Motivation: while there are popular packages for gene identifier mapping (e.g. ENSG, NCBI, HGNC) in the R environment (e.g. AnnotationDB), there is no standard solution in python.

Package Features

import biorosetta as br
  • Source-based system: Instead of relying on a single repository for mapping gene identifiers, biorosetta integrates results from different repositories, or "sources". Biorosetta supports two types of sources under the same interface. (1) Local sources: biorosetta downloads a local version of the conversion tables from popular repositories (Ensembl Biomart, HGNC Biomart). Best option for highly reproducible gene conversion outputs that do not change over time (e.g. for scientific article preparation). (2) Remote sources: biorosetta interfaces to remote web service applications (MyGene) to convert gene names. Best option for highly up-to-date conversion.
  • Priority system: The user can specify an order of source priority, so that when different sources produce a different conversion output it is possible to define the most trusted result.
  • Conversion report: For critical gene mapping applications, biorosetta can optionally generate a report table that specifies the mapping output of each separate source and highlight where there have been mismatches between outputs, so that these mapping results can be investigated further.
  • Multi-hits policies: When multiple possible mapping outputs ("hits") are found, one can choose the policy for integrating them: "all": concatenates all the ID outputs with a pipe ("|") symbol (e.g. "foo|bar|baz"). "consensus": compares the output hits across different sources to select the ID that appears most frequently across different sources. E.g. if source A outputs "foo|bar" and source B outputs "bar|baz" then "bar" is selected as the final output.
  • Gene name synonyms: Gene symbols have many synonyms.

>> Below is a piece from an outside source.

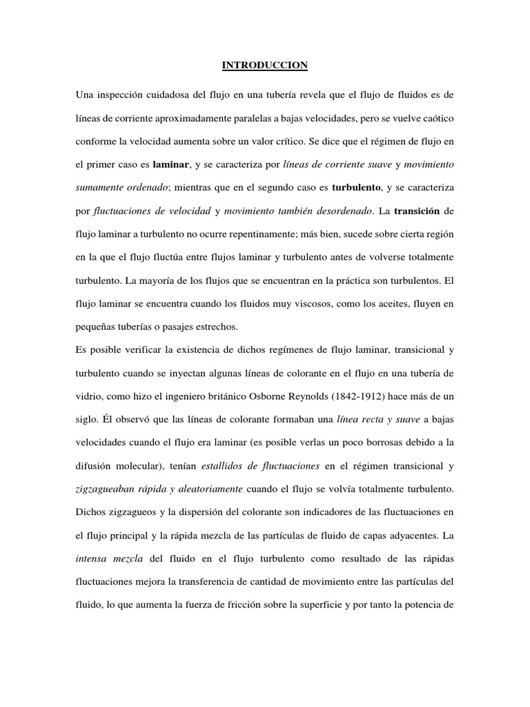 turbulento. Debe pues existir un valor intermedio –concluía Reynolds- que separe

When available within the source, biorosetta integrates the synonym information for one-way mapping from gene symbol to any other ID.
  • Speed: Biorosetta performs vectorized operations to achieve maximum efficiency.

Usage

import biorosetta as br

List current supported sources and gene ID types:

br.list_sources()

Function output:

ID types:
'ensg' = Ensembl gene ID
'entr' = NCBI gene ID (entrezgene)
'symb' = Gene symbol
'ensp' = Ensembl protein ID
'hgnc' = HGNC ID
Sources:
"ensembl_biomart": Ensembl Biomart (http://useast.ensembl.org/biomart/martview) 
	 ID in: ['ensg', 'entr', 'symb', 'ensp', 'hgnc'] 
	 ID out: ['ensg', 'entr', 'symb', 'ensp', 'hgnc']
"hgnc_biomart": HGNC Biomart (https://biomart.genenames.org/) 
	 ID in: ['ensg', 'entr', 'symb', 'hgnc'] 
	 ID out: ['ensg', 'entr', 'symb', 'hgnc']
"mygene": MyGene (https://mygene.info/) 
	 ID in: ['ensg', 'entr'] 
	 ID out: ['ensg', 'entr', 'symb']

Basic usage

This is the basic command that uses all the sources (local and remote) ordered with the following order of priority:

  1. Ensembl Biomart
  2. HGNC Biomart
  3. MyGene
idmap = br.IDMapper('all') # Equivalent to br.IDMapper([br.EnsemblBiomartMapper(),br.HGNCBiomartMapper(),br.MyGeneMapper()])
idmap.convert('ENSG00000159388','ensg','entr') # Outputs '7832'

Note that if a list of gene IDs is provided, the function returns a list:

idmap.convert(['ENSG00000159388','ENSG00000121022','ENSG00000134574'],'ensg','entr') # Outputs ['7832', '10987', '1643']

Examples

Single source mapping

Here we map ENSG to NCBI ID (entrezgene) using only Ensembl Biomart as reference data:

idmap = br.IDMapper([br.EnsemblBiomartMapper()]) # Single local source
idmap.convert('ENSG00000159388','ensg','entr')

Multiple sources mapping

We map ENSG to NCBI ID (entrezgene) using only Ensembl Biomart as reference data:

idmap = br.IDMapper('all') # Equivalent to br.IDMapper([br.EnsemblBiomartMapper(),br.HGNCBiomartMapper(),br.MyGeneMapper()])
idmap.convert('ENSG00000271254','ensg','entr') # Returns '102724250'

However, HGNC Biomart does not have the conversion. So if we mapped only with HGNC Biomart we would get

idmap = br.IDMapper('hgnc_biomart') # Equivalent to br.IDMapper([br.HGNCBiomartMapper()])
idmap.convert('ENSG00000271254','ensg','entr') # Returns 'N/A'

Note: when using multi_hits = "first" in the convert() function, the order of the sources in the list provided to IDMapper defines the priority of each source in the mapping output. The output of each source will be the first matching ID returned, and the final conversion output will be the output of the source with the highest priority that found a match for the input ID. See section "Multi hits" for more information.

Generation of report of conversion results

For each conversion, we can choose to generate a report of all the conversion results across each source, to be able to check single responses and diagnose bad conversions. Usually convenient for conversions of a small number of gene IDs in situations where accuracy is critical.

idmap = br.IDMapper([br.EnsemblBiomartMapper(),br.HGNCBiomartMapper(),br.MyGeneMapper()])
idmap.convert(gene_list[:3],'entr','ensg',df=True)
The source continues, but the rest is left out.